Netra Wants to Save the World from Drowning in Imagery

“The world is drowning in imagery,” says Shashi Kant.

“We’ve generated more information in the last 48 hours than we had in all of human history leading up to 2004,” continues the founder of Netra Systems. “We are generating so much information, and the fact is 90% of that is imagery and most of it lies unexploited and inaccessible. That is a fundamental problem.”

Netra Systems is a visual search and tracking company designed to clean up the way we access our overwhelmingly large quantity of video and image-based content. Not just in our Instagram, Flickr and Facebook, but Netra Systems is hoping to alleviate the strain in numerous other sectors including retail, healthcare and security.

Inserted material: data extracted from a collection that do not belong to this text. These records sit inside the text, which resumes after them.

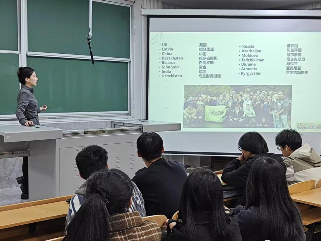 会上,韩瑾凤围绕学生对赴美实习的困难与疑惑,就配岗系统、安全保障、实习收入等多方面对项目进行讲解,并结合自身经验指出项目对于学生体验多样文化,增进国际友谊的作用,鼓励大家积极参与,在拓宽国际视野的同时促进文化交流、锻炼学习能力。
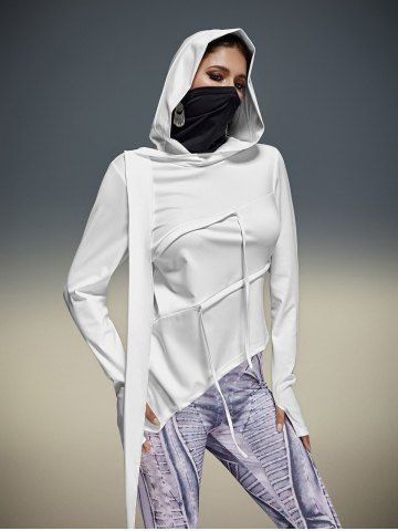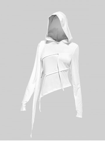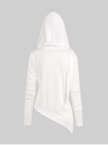 Haut à Capuche Asymétrique Gothique en Couleur Unie avec Ruban - Blanc - Blanc
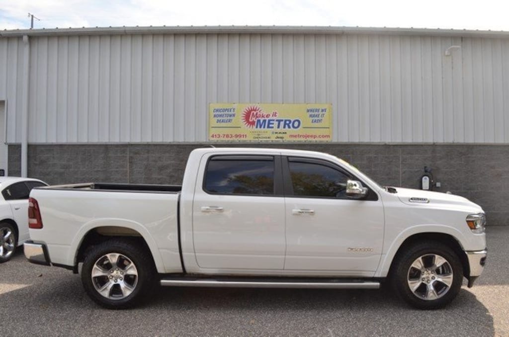 Bright White Clearcoat 2021 Ram 1500 Laramie Crew Cab Hemi,Nav,Trailer Tow 4WD 8-Speed Automatic HEMI 5.7L V8 Multi Displacement VVT ONE OWNER, REMAINDER OF FACTORY WARRANTY, RECENT METRO CJD TRADE IN, 1-Yr SiriusXM Guardian Trial, 12" Touchscreen Display, 4G LTE Wi-Fi Hot Spot, 5-Year SiriusXM Traffic Service, 5-Year SiriusXM Travel Link Service, Apple CarPlay, Auto High Beam Headlamp Control, Disassociated Touchscreen Display, Foam Bottle Insert (Door Trim Panel), For Details, Visit DriveUconnect.com, For More Info, Call 800-643-2112, Google Android Auto, GPS Antenna Input, GPS Navigation, HD Radio, Integrated Center Stack Radio, Integrated Voice Command w/Bluetooth, Laramie Level A Equipment Group, ParkSense Front/Rear Park Assist w/Stop, Quick Order Package 27H Laramie, Radio: Uconnect 12 w/Navigation, Rain Sensitive Windshield Wipers, Rear 60/40 Folding Split Recline Seat, Remote Tailgate Release, SiriusXM Radio Service, SiriusXM Satellite Radio, SiriusXM Traffic Plus, SiriusXM Travel Link, SiriusXM w/360L, Tailgate Ajar Warning Lamp, Trailer Brake Control, Trailer Light Check, Trailer Reverse Steering Control, Trailer Tire Pressure Monitoring System, Trailer Tow Group (DISC), USB Host Flip.
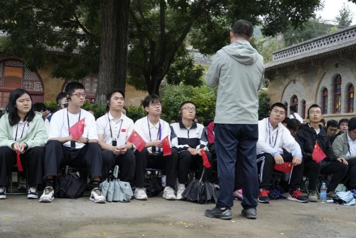 而后,同学们来到鲁艺旧址。这座由教堂改造的学校,是当年有志之士学习文学与艺术的圣地。同学们参观鲁艺学生的宿舍与教室,惊叹于前辈的顽强意志与乐观精神。鲁艺院里,蒙蒙雨中,延安大学的老师为同学们带来一堂别开生面的党课。没有教室,没有黑板,只有小马扎和同学们求知的心,一如百年之前。同学们学习《黄河大合唱》的创作历程,感受音乐中蓬勃的爱国热情。课末,同学们移步教堂内,在当年中共六大的会场里,唱响《黄河大合唱》,唱出对前辈的敬意,唱出拳拳爱国之心。
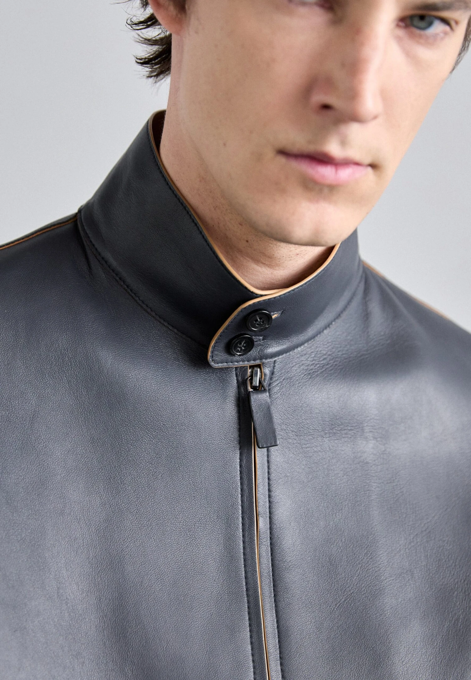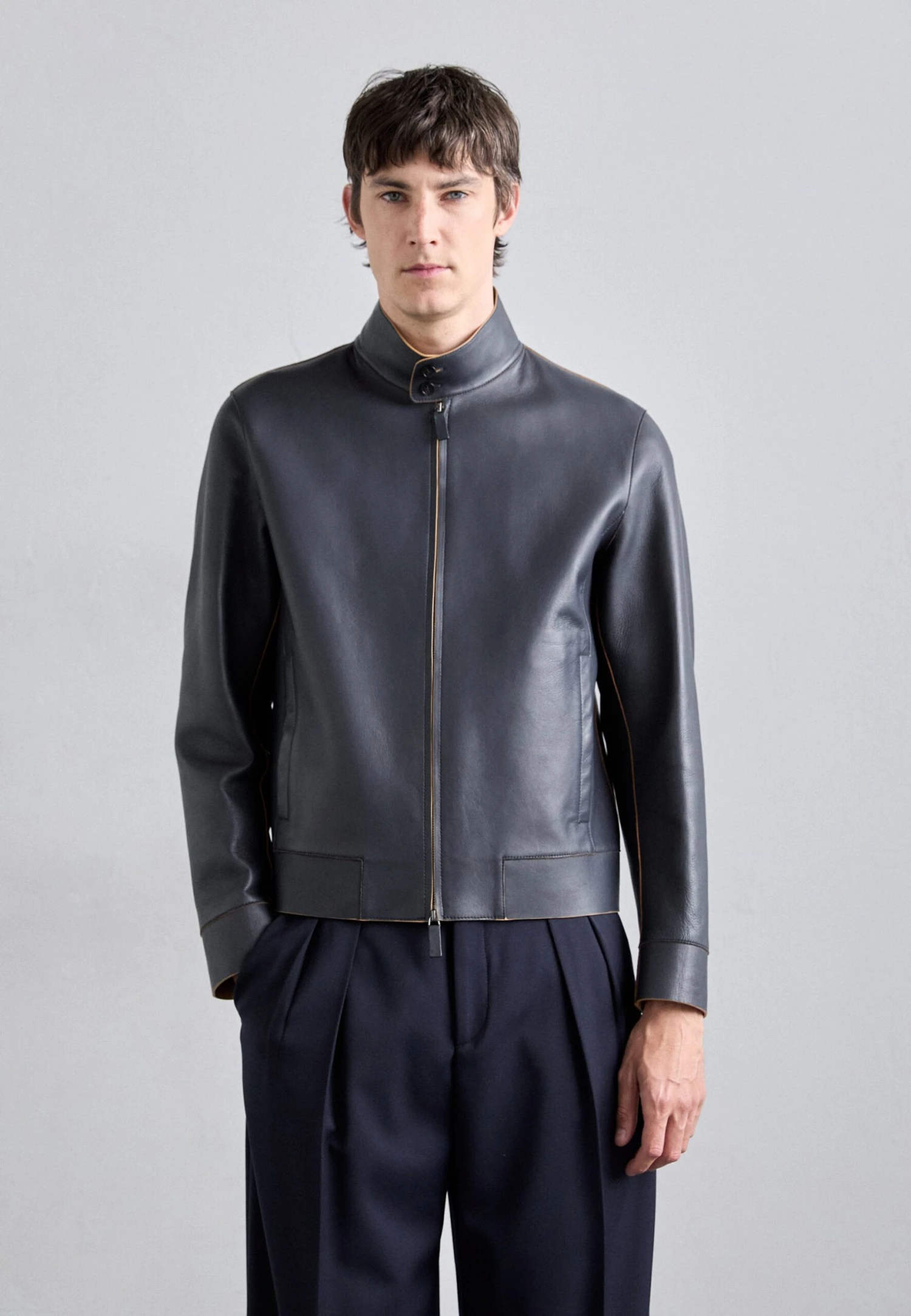 - Collar: Standing collar
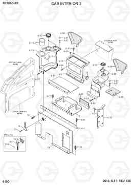 CAB INTERIOR 3 экскаватора гусеничного Hyundai R180LC-9S со списком деталей и комплектацией. Каждую деталь можно приобрести в наличии и под заказ с дотавкой по всей России
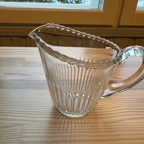 Kuvan mukainen lasinen kermanekka. Hinta. 2 euroa Ei toridiiliä
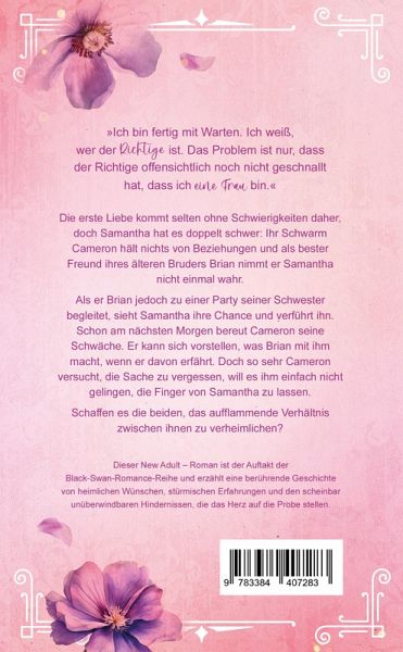 »Ich bin fertig mit Warten. Ich weiß, wer der Richtige ist. Das Problem ist nur, dass der Richtige offensichtlich noch nicht geschnallt hat, dass ich eine Frau bin.«Die erste Liebe kommt selten ohne Schwierigkeiten daher, doch Samantha hat es doppelt schwer: Ihr Schwarm Cameron hält nichts von Beziehungen und als bester Freund ihres älteren Bruders Brian nimmt er Samantha nicht einmal wahr.Als er Brian jedoch zu einer Party seiner Schwester begleitet, sieht Samantha ihre Chance und verführt ihn. Schon am nächsten Morgen bereut Cameron seine Schwäche. Er kann sich vorstellen, was Brian mit ihm macht, wenn er davon erfährt. Doch so sehr Cameron versucht, die Sache zu vergessen, will es ihm einfach nicht gelingen, die Finger von Samantha zu lassen.Schaffen es die beiden, das aufflammende Verhältnis zwischen ihnen zu verheimlichen?Dieser New Adult - Roman ist der Auftakt der Black-Swan-Romance-Reihe und erzählt eine berührende Geschichte von heimlichen Wünschen, stürmischen Erfahrungen und den scheinbar unüberwindbaren Hindernissen, die das Herz auf die Probe stellen.
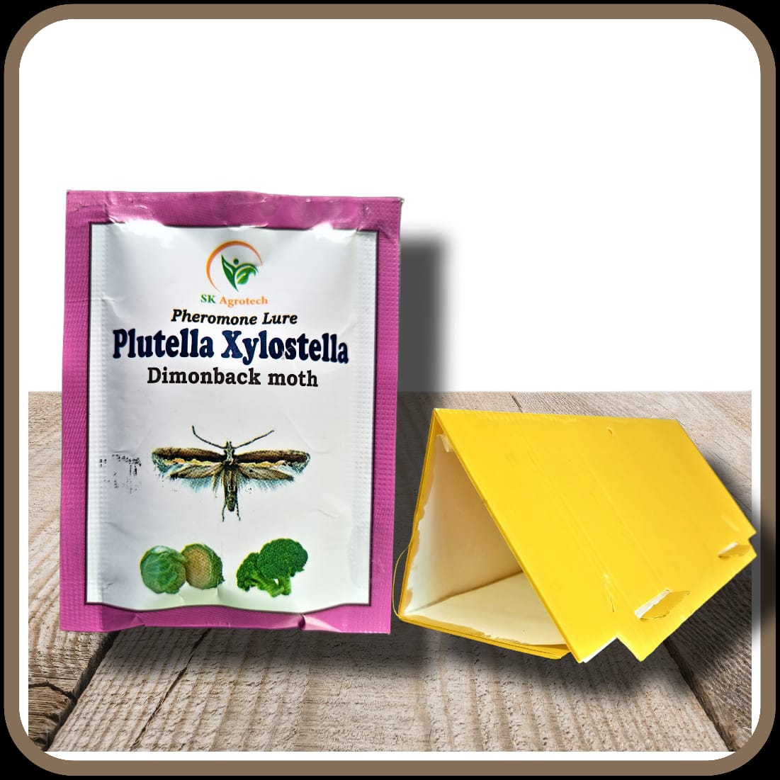 Product Specifications: Brand: SK Agrotech Type: Pheromone Lure Target Pest: Diamondback Moth (Plutella xylostella) Material: High-quality, long-lasting attractant Usage Duration: Effective for [insert duration if available] (Typically lasts for 4-6 weeks) Key Features: Highly Effective: Emits a specific pheromone that attracts Diamondback Moths, facilitating their capture and monitoring. Durable: Designed to maintain effectiveness over time, even in various environmental conditions. Eco-Friendly: Non-toxic and safe for use in agricultural settings, promoting sustainable pest management. Easy to Use: Simple to attach to traps or other monitoring devices, with straightforward application instructions. Benefits: Targeted Pest Control: Specifically designed to attract and capture Diamondback Moths, reducing their population and damage to crops. Reduced Chemical Usage: Helps minimize the need for chemical pesticides by providing a more targeted pest control method. Improved Crop Health: Enhances the health and yield of crops by effectively managing pest infestations. Cost-Effective: Provides a long-lasting solution with minimal ongoing costs, improving overall pest management efficiency. Recommended Crops: Cabbage Cauliflower Broccoli

“When you think about it, Google just exploits text,” said Kant, “but imagine if we mine imagery in the same way and make it accessible and searchable.”

Netra Systems apply both machine-vision technology and a search engine style indexing. The algorithm breaks down a video by frames and tracks the blobs, which are the distinct objects within the frames. From there, Netra Systems identify the visual attributes of the blobs—should it be a vehicle, a cat, a human, etc.—it’ll note the colour, contour, texture, shape, etc.

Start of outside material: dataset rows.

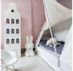 Amsterdam est une armoire en forme de maison hollandaise. Toute en longueur, avec un faible encombrement au sol, elle fait office de bibliothèque, de penderie ou de maison de poupĂ©e. AlignĂ©es cĂ´te Ă cĂ´te, ces maisons colorĂ©es peuvent aussi former une cloison de sĂ©paration pour la chambre de vos enfants. Nous, les Enfants du Design, on a craquĂ© dessus la première fois qu’on l’a vue. C’est un très bel objet qui a en plus le mĂ©rite d’ĂŞtre pratique, ludique, poĂ©tique… Si on avait demandĂ© Ă un enfant de dessiner une armoire pour sa chambre, peut-ĂŞtre mĂŞme qu’il aurait dessinĂ© celle-lĂ .
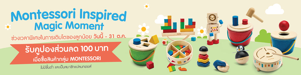 ใช้โค้ด Montess100 รับส่วนลด 100 บาท สำหรับซื้อสินค้ากลุ่ม Montessori เมื่อ Subscribe Email หรือ สมัครสมาชิกPlanToys
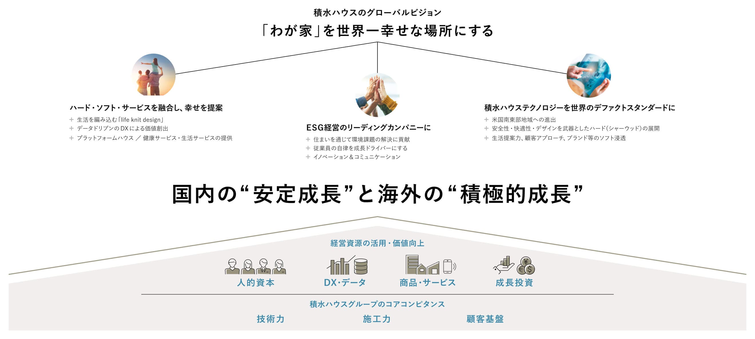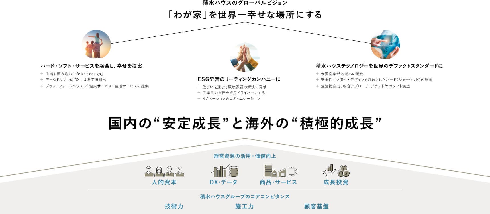 グローバルビジョン“「わが家」を世界一幸せな場所にする”の実現に向け、住を基軸に、創業以来培ってきたコアコンピタンスをもとに、融合したハード・ソフト・サービスを提供するグローバル企業への成長を目指しています。
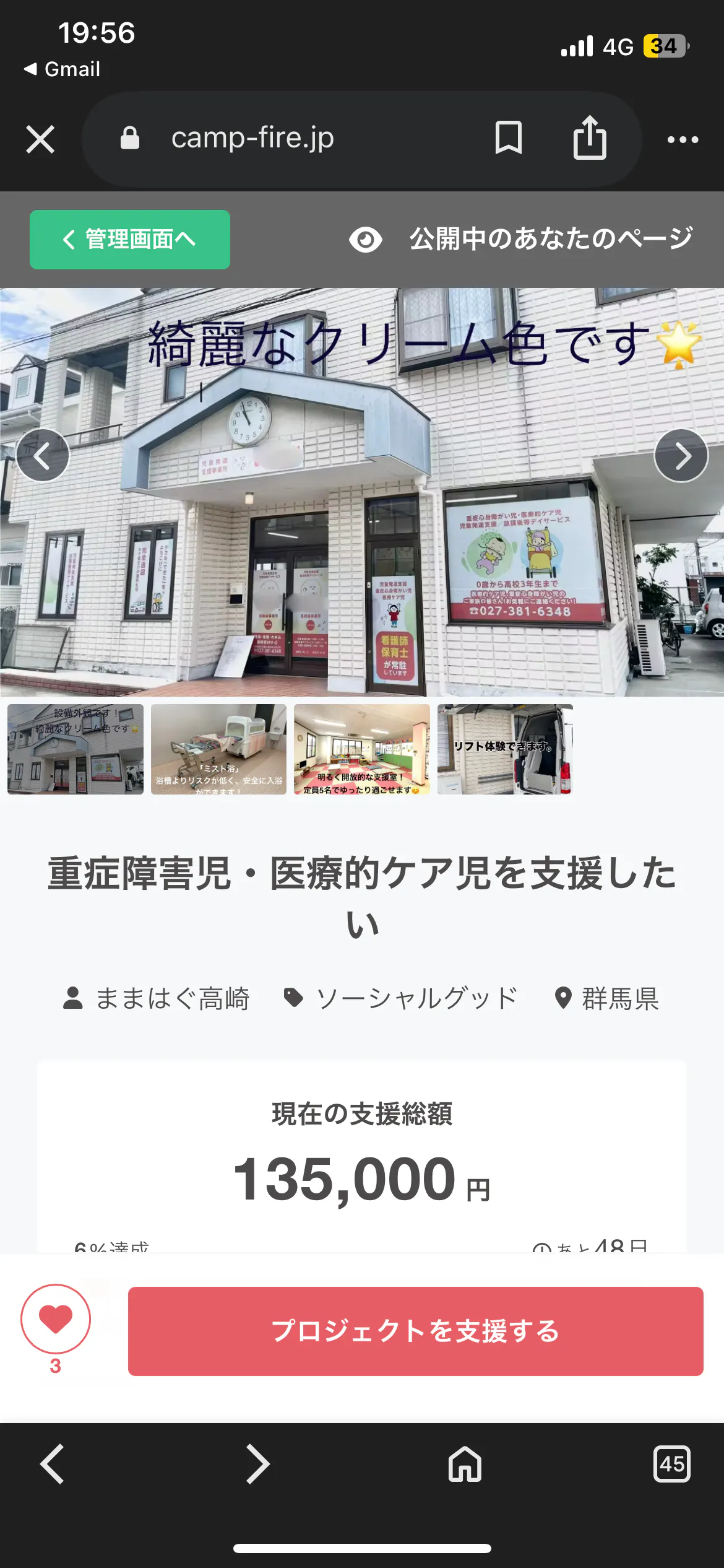 皆様のおかげで、本日までで135000円の支援を得ることができています。

Once the program recognizes the appearance characteristics of each object, it’ll give it a label in accordance to the most similar appearance. The “deep learning” will, for example, identify that within the image there is a blob that appears to be a cat, thus marking it as such. Then like Google, should a user search “cat” in the database, a list of plausible images will be presented in a search engine style result.

The capability of identifying imagery through an artificial neural network has a lot of potential for organization that focuses on little details. In recent scenarios as examples, Kant brought us back to the tragic events of the 2014 shooting at Parliament Hill, as well as the horrific incident involving the aftermath of the Boston Marathon bombing.

“One of our technology is what we call a multi-camera or cross-camera search,” said Kant. “In a retail store or in a surveillance camera, you typically only capture a small portion with a single view and there is no single camera that can cover the entire building. You need multiple cameras to follow the person and track from camera to camera. And that is the part where we really shine. And that is actually how we go and find the person.”

Organizations of all sizes invest a lot in cameras and machine vision, not only for security but also for visual data such as understanding high traffic areas within a store. By having a keen eye on a promotional item, retailers and suppliers can analyze customer’s engagement and propensity. The knowledge acquired will help merchants, managers and executives work together to make the best out of their retail space and the merchandise within.

When the topic of privacy implications arose, Kant responded with a question of his own: “Do you carry a cellphone? Between your cellphone and your credit card, if someone were to analyze that information they will know far more about you than looking at a camera and analyzing it.”

No doubt the visceral reaction to visual data is unlikely to change soon, however, we can clearly say that new technology and governance are being applied to keep us blobs safe when we are on the screen. Netra Systems offer a unique privacy protection that obfuscates images identified as humans in real-time. The original video will be recorded, saved, and retrieved only by those authorized, i.e. law officials.

Seeing the potential, investor, Mark Cuban signed on with Netra Systems in late 2013 after only 48 hours of email negotiation—no phone calls, no in-person meeting. “Machine vision is an area I have a lot of interest in,” Cuban wrote. “Its a big part of and what we are doing there.”

When inquired about what excited him the most about Netra Systems, Cuban stated: “The ability to identify images with in a video from a connected database and their ability to apply artificial intelligence to video.”

“Plus the fact they are just damn smart,” he added.

Netra Systems is currently piloted and used by a number of major retailers and media and advertising agencies.